What types of encoding does PagePix support?
Posted by Brandon Elliott on 16 December 2012 11:41 PM
We support UTF-8 encoded URLs and International Domain Names (IDNs)*
Ex: http://homöopathie-altona.de (notice the German umlaut)
Urlencoding is optional but strongly recommended (Ex: German umlaut ö as %C3%B6)
PHP Example: urlencode('http://homöopathie-altona.de');
*We also support punycode alternatives to an IDN, but they are not necessary.
Our service supports most umlauts and foreign language characters.
Ex: å ä ö Å Ä Ö רי ל ו т в у й
Note: We do NOT support escaped encoding (Ex: German umlaut ö as %F6)

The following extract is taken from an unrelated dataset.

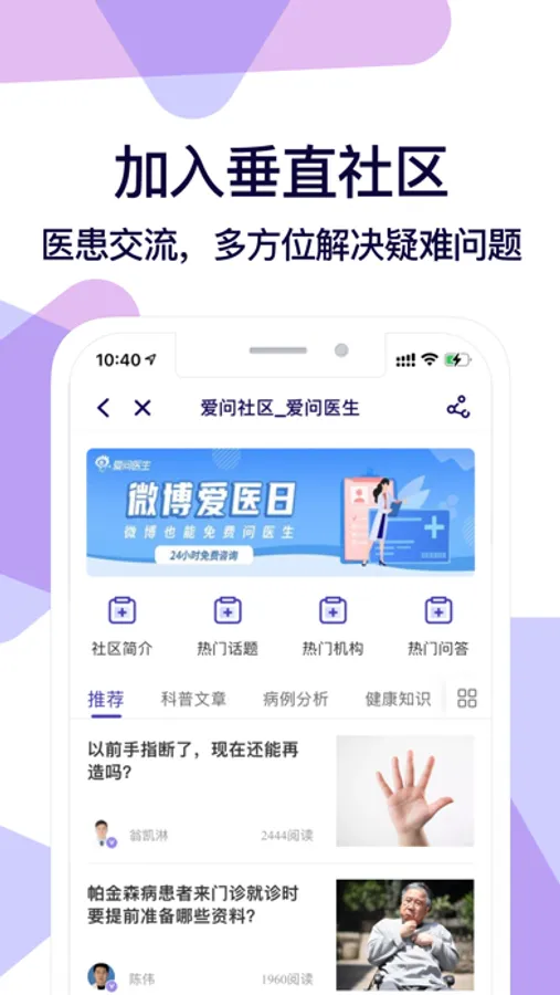 爱问健康,新浪健康在线咨询预约医生社区,国内顶尖互联网健康平台,汇集了近10万微博健康大V及爱问健康认证团队,累计服务2000万+患者。服务包括:健康问诊、公益活动、健康科普、专家访谈等。分别有内科、外科、儿科、皮肤科、口腔科等25+科室分类,是中国互联网健康的引领者,旨在让健康问诊变得更便利。

Note: We have seen, in many years of running this service, that some customers send URLs that already contained encoded elements and THEN they urlencode them when sending. The best practice is to urldecode URLs before saving them, and then urlencode them when requesting screenshots from our service. However, we will double decode all URLs for maximum compatibility. This makes the problem transparent and yields a good screenshot result. IF, however, the URL is still encoded after a double decode, we will return an INVALID_ENCODING error response.
Note: Our service supports UTF-8 characters, but odd results may occur if your non-UTF-8 web page encoding and end-user browsers combine to make invalid requests. Read more about that on our page on UTF-8 compliant requests. The invalid requests submitted under this scenario are blocked by our system, but if any were to make it through, they would result in a HASH_MISMATCH error.

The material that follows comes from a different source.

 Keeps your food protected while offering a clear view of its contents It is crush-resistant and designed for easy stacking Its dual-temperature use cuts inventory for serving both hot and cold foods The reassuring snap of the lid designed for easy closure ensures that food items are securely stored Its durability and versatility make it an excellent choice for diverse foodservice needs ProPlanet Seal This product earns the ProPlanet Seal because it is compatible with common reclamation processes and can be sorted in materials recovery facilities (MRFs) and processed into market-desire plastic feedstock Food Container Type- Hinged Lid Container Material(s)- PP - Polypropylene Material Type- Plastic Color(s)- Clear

Capturing non-English Web Page Screenshots
We support a wide variety of languages and fonts, but I am certain that we do not support them all. If you find that a web page does not render the text / characters properly, you may open a support ticket to request that we add support for your chosen language. Please note that adding language support is dependent upon Operating System vendors and their community.
Output as a PDF File
We also support a wide variety of languages and fonts for PDF File output. Most web pages should render non-English characters properly.